The problem? This interpretation rests on the disorder metaphor and overlooks how complexity emerges naturally from local decreases in entropy powered by energy flows (think stars, geothermal heat, chemical gradients). There is no need to invoke a metaphysical Eros to “rescue” evolution from entropy.

Moreover, cosmology tells us the early universe didn't start in maximum entropy at all—it started in a very special, low-entropy state, leaving plenty of room for entropy to increase while complex structures form along the way.

In short:

• The Second Law applies to closed systems, not open ones like Earth.
• Local complexity does not violate the Second Law because the total entropy of the system (including its environment) still goes up.
• The early universe's low entropy was not a metaphysical mystery needing Eros but a physical fact needing explanation.

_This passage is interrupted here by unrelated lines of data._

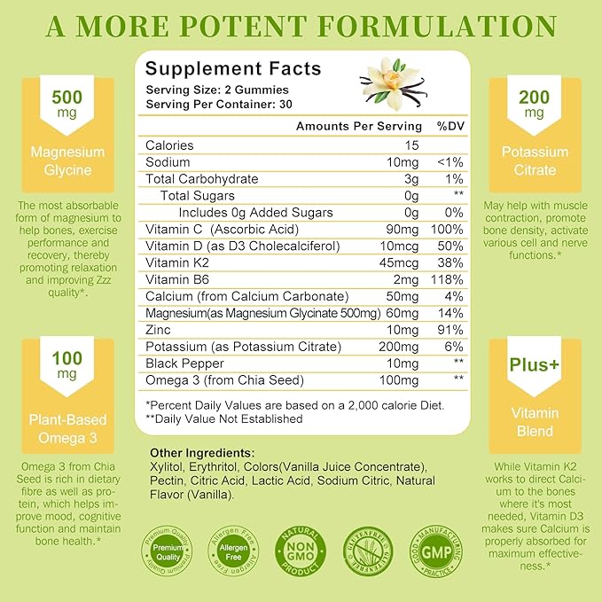 Potassium Magnesium Gummies - High Absorption Magnesium Glycinate 500mg & Potassium Citrate 200mg Plus Omega 3, B6, D3, K2 & Calcium - Chewable Gummy for Leg Cramps, Immunity & Energy - 60 Count
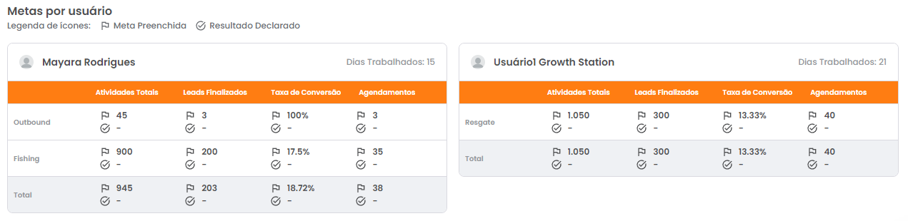 A seção seguinte apresenta as metas planejadas e resultados declarados de cada um dos usuários da sua operação no mês selecionado. Os valores apresentados nesta seção são segmentadas por canal de aquisição e exibidos com base nas seguintes categorias: Atividades Totais, Leads Finalizados, Agendamentos e Taxa de Conversão.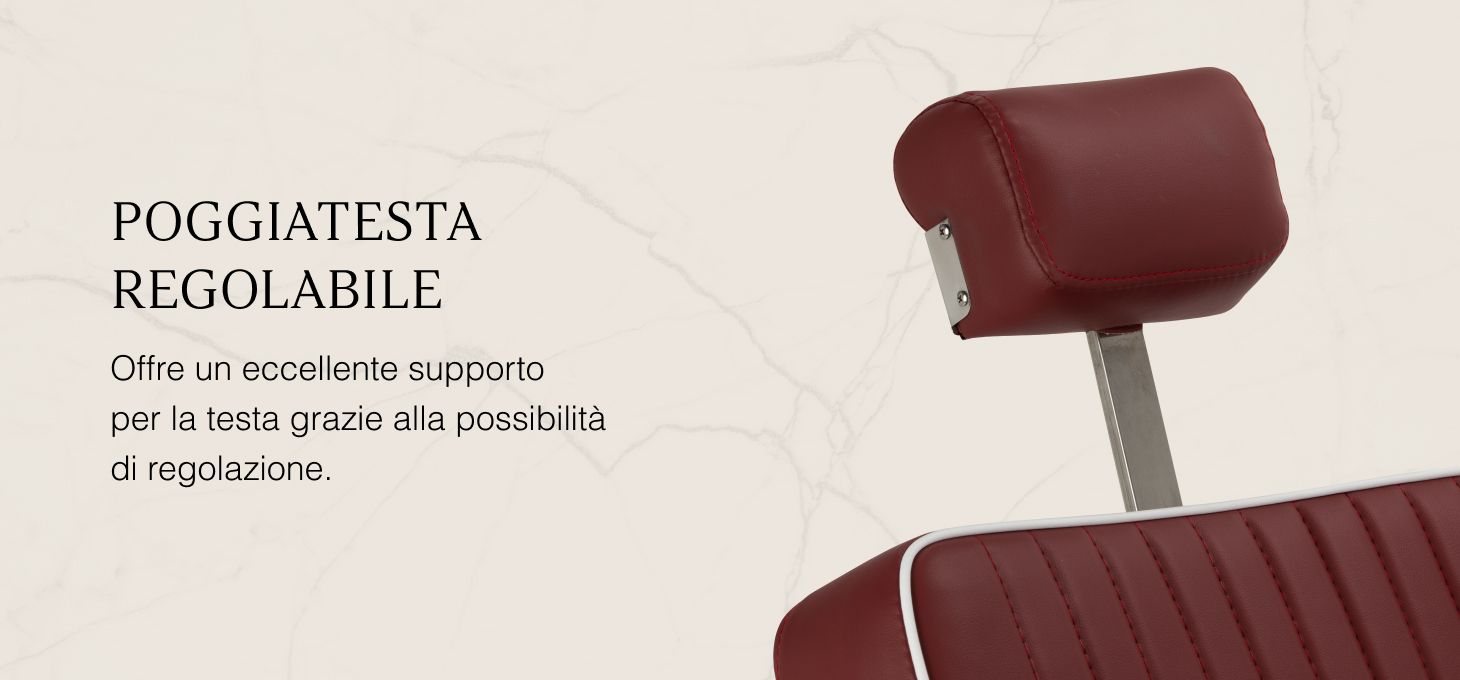 La robusta struttura della base garantisce stabilità ed elevato comfort. Il sedile è imbottito di schiuma resistente alla deformazione e rivestito di morbida pelle sintetica opaca, che unisce durata e comfort. I materiali utilizzati per la finitura sono resistenti all'umidità, durevoli e facili da pulire, rendendo la sedia perfetta per l'uso quotidiano. Le cuciture eleganti e il rivestimento nei toni del rosso le conferiscono un carattere unico, integrandosi perfettamente con l'arredamento dei moderni barbieri.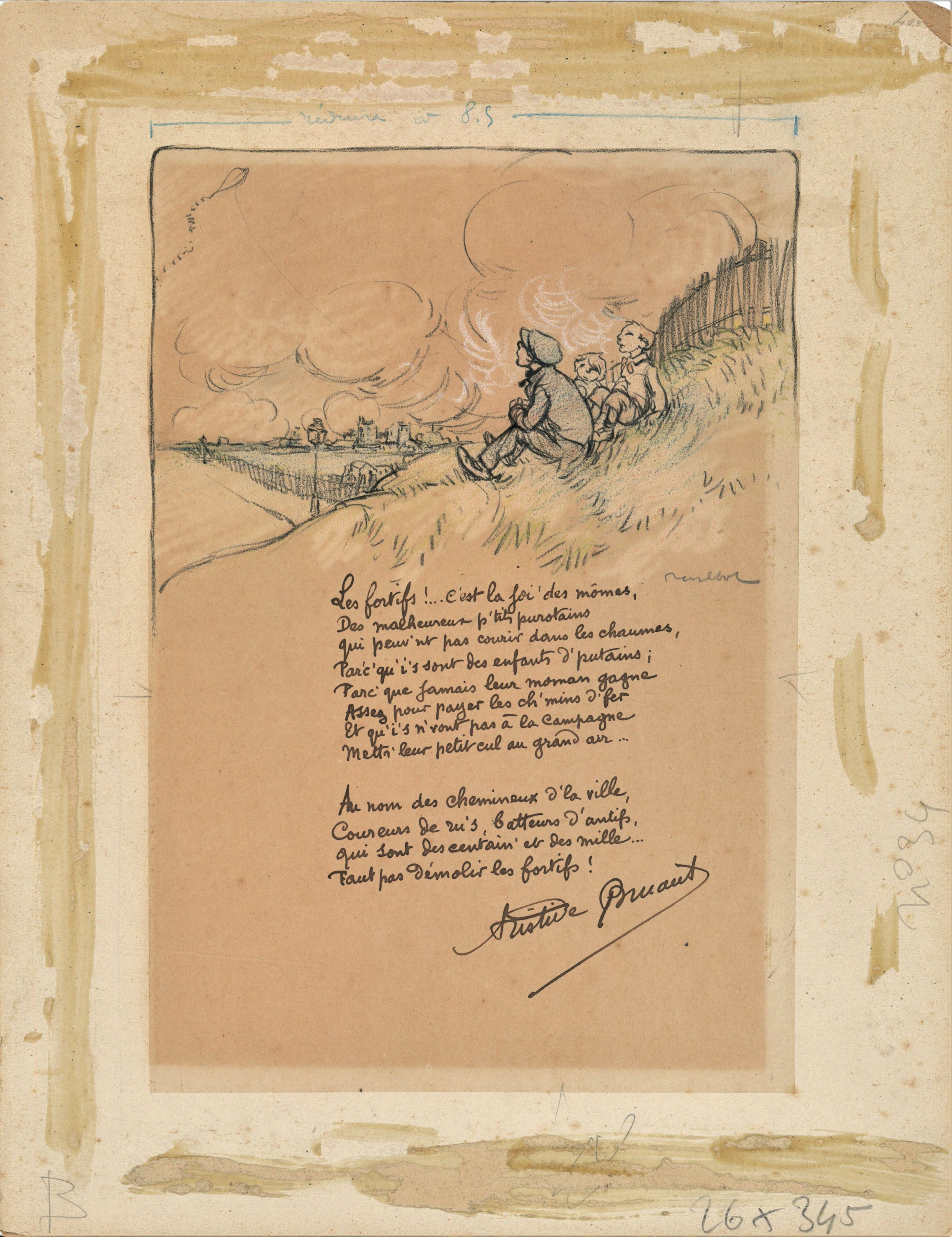 « Pour les fortifs », extrait de la monographie éditée en 1889-1895 « Dans la rue : chansons et monologues » (partie de la chanson « Pour les Fortifs » publiée dans le volume 2)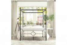 Inspired by vintage design, ball finials top the canopy frame while prominent decorative jointing and classic quatrefoil pattern lend to the modern traditional look of the Hosta Collection. The built-in platform support allows for the use of a mattress without a box spring. The Hosta collection is offered in twin and queen size bed options for versatile placement within your home.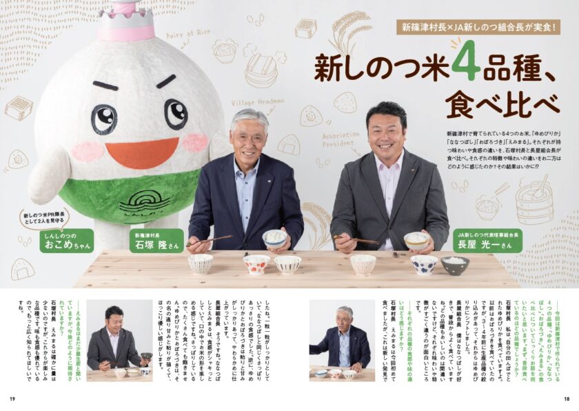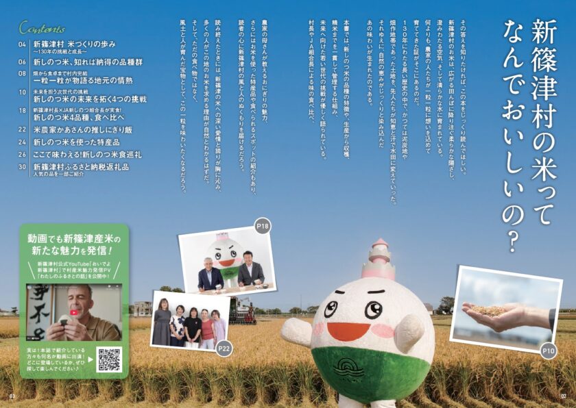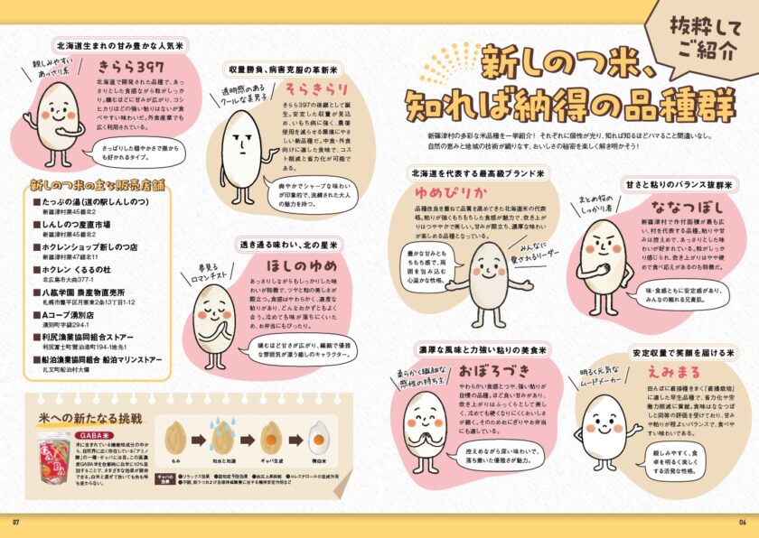 誌面には、新篠津村ならではの個性豊かな多彩な米品種の紹介に加え、生産から収穫、精米まで一貫して行う管理体制や、未来を担う次世代による革新的な挑戦など、「そうだったんだ!」「知らなかった!」と感じる情報が満載です。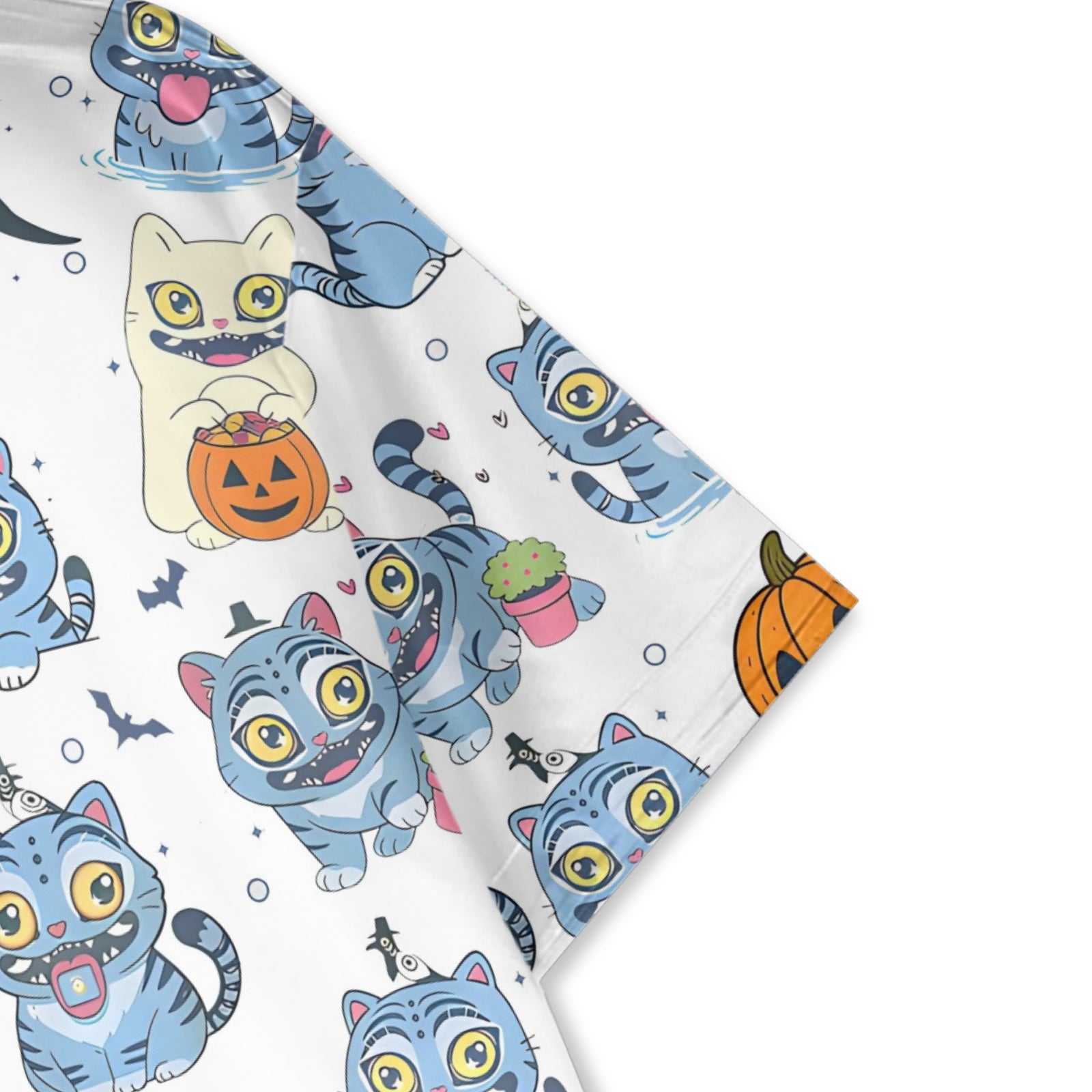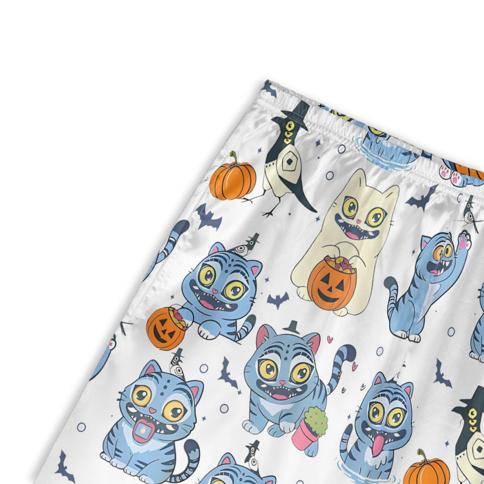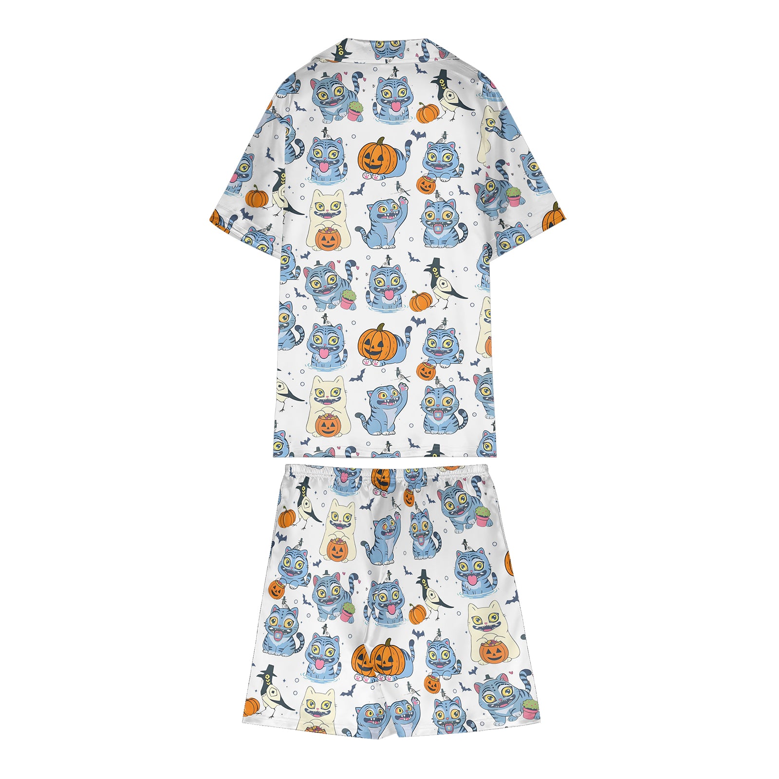 Cute Halloween Ghost Boo Cat Satin Pajama Set For Women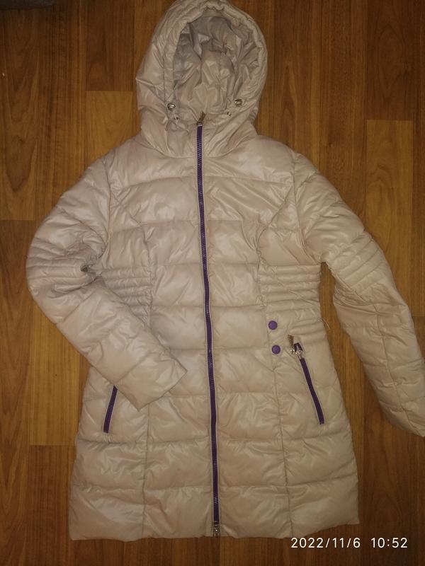 Зимове пальто бежевого кольору, приталеного крою. Стан ідеальний. Недолік на останньому фото. Розмір реально XL- L. Заміри ширина під пахвами 52 рукав -63, довжина -83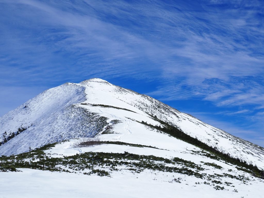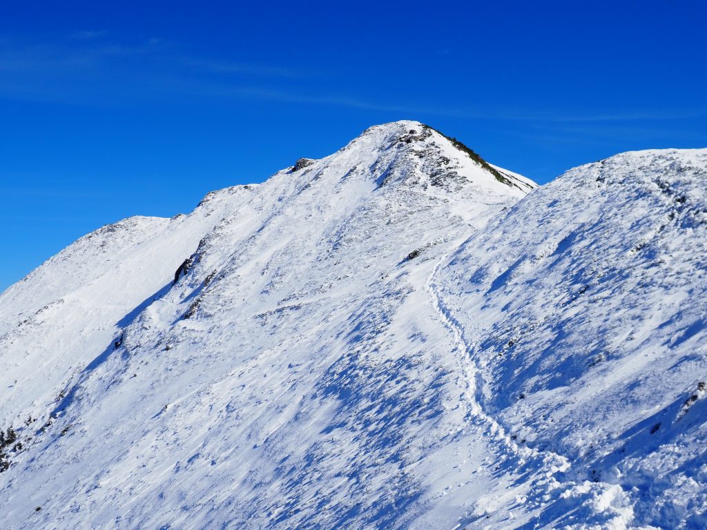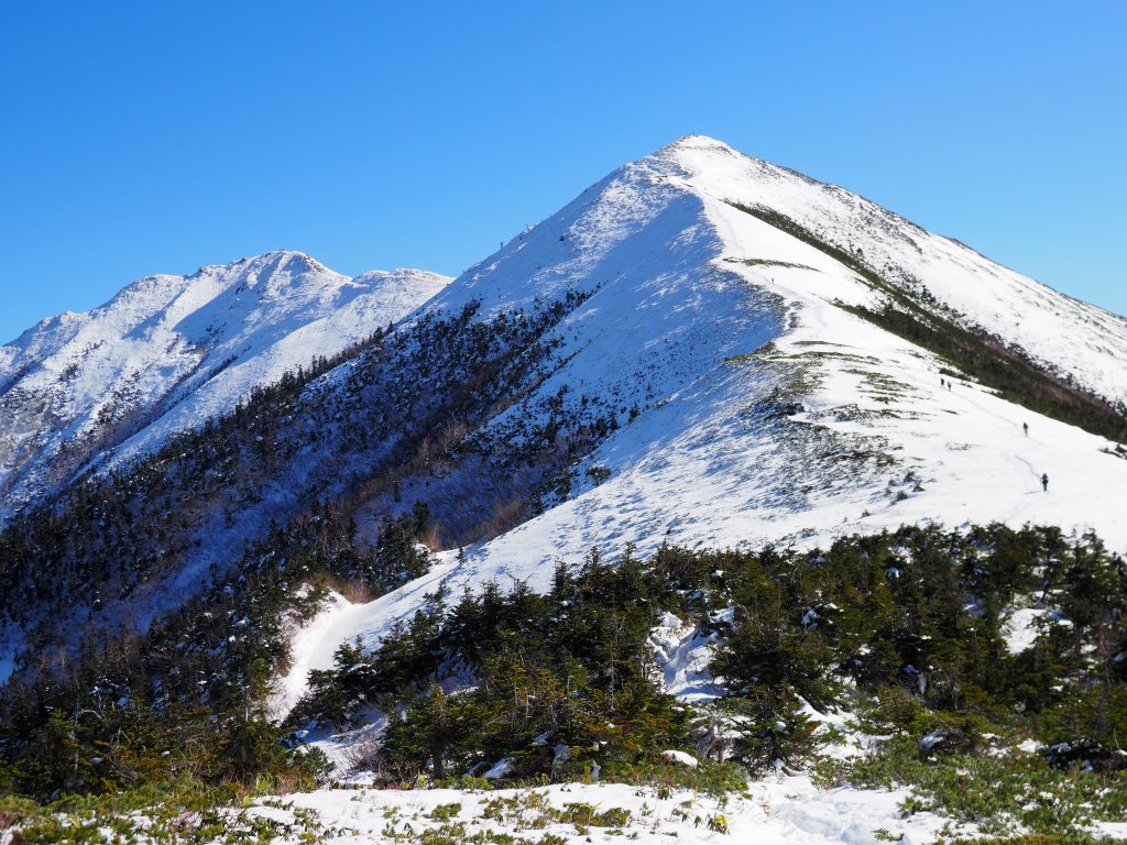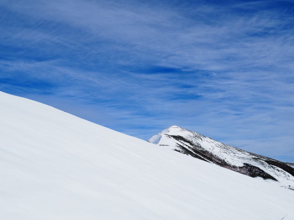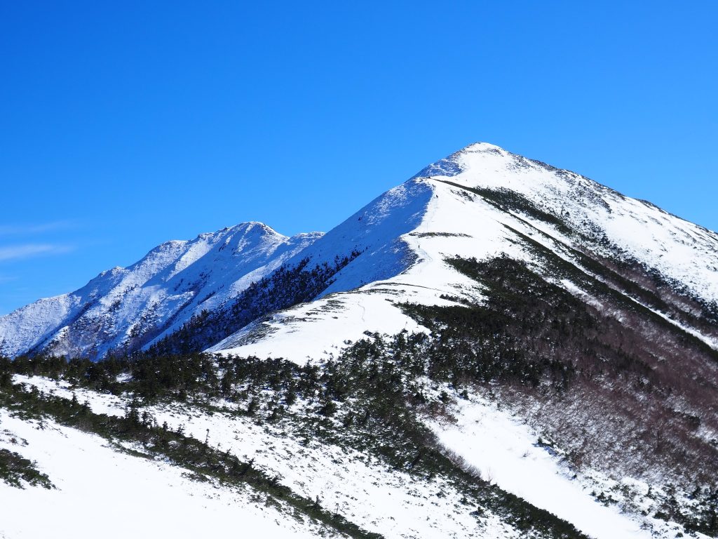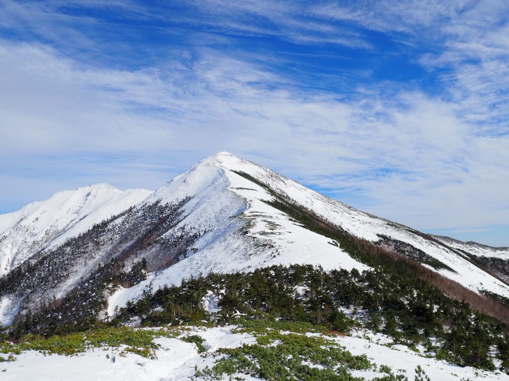 爺ヶ岳もしっかり雪。やはり雪が乗ると山容が立派にみえます。風で雪が飛ばされることもなく、山頂まで雪道でアイゼンを履いたまま登れた。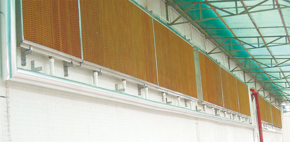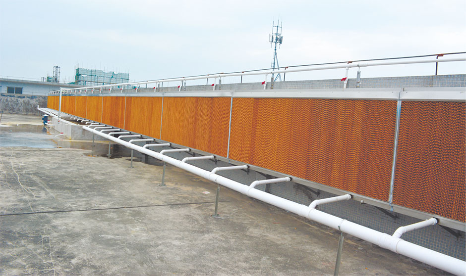 水簾降溫工程由負(fù)壓風(fēng)機(jī)和水簾墻兩大部分構(gòu)成,降溫區(qū)域一面安裝負(fù)壓風(fēng)機(jī),另外一面安裝水簾循環(huán)系統(tǒng)。循環(huán)水泵不間斷地把水箱內(nèi)的水提升,并通過(guò)布水系統(tǒng)均勻地噴淋在蒸發(fā)過(guò)濾層上,(濕簾即多層波紋纖維疊合物),保持濕簾一直濕潤(rùn)。當(dāng)對(duì)面負(fù)壓風(fēng)機(jī)開(kāi)啟時(shí)使室內(nèi)產(chǎn)生負(fù)壓,迫使空氣從水簾一面進(jìn)入,在經(jīng)過(guò)水簾的時(shí)候由于水蒸發(fā)吸熱,空氣的溫度下降,從而使進(jìn)入到室內(nèi)空氣溫度下降,整個(gè)區(qū)域內(nèi)達(dá)到降溫的效果。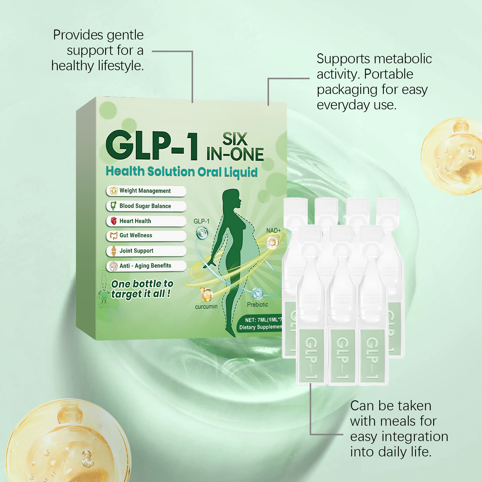 我们的身体护理滴剂 ,由绿茶提取物、辣木叶提取物、姜黄精心头而成。专为支持肠道健康设计。使用方法极为便捷:每次服用一安瓿,可以直接服用或与食物混合。并且有助于体重管理,适用于各种饮食情况。

7. So Where Does This Leave Us?

Entropy is not “the triumph of chaos.” It's a measure of possibilities, and in a universe with gravity, the road to higher entropy is paved with structure: stars, galaxies, and black holes. The early universe's smoothness wasn't messy—it was extraordinarily special. And that, not some cosmic life-force, is what makes the arrow of time possible.

How Sean Carroll Explains Entropy and Complexity

Entropy and complexity co-emerge until complexity reaches its zenit, and goes down again—with entropy still rising:

So complexity emerges in the middle, at the medium entropy phase of the universe (and your coffee cup). At the final phase, complexity disappears!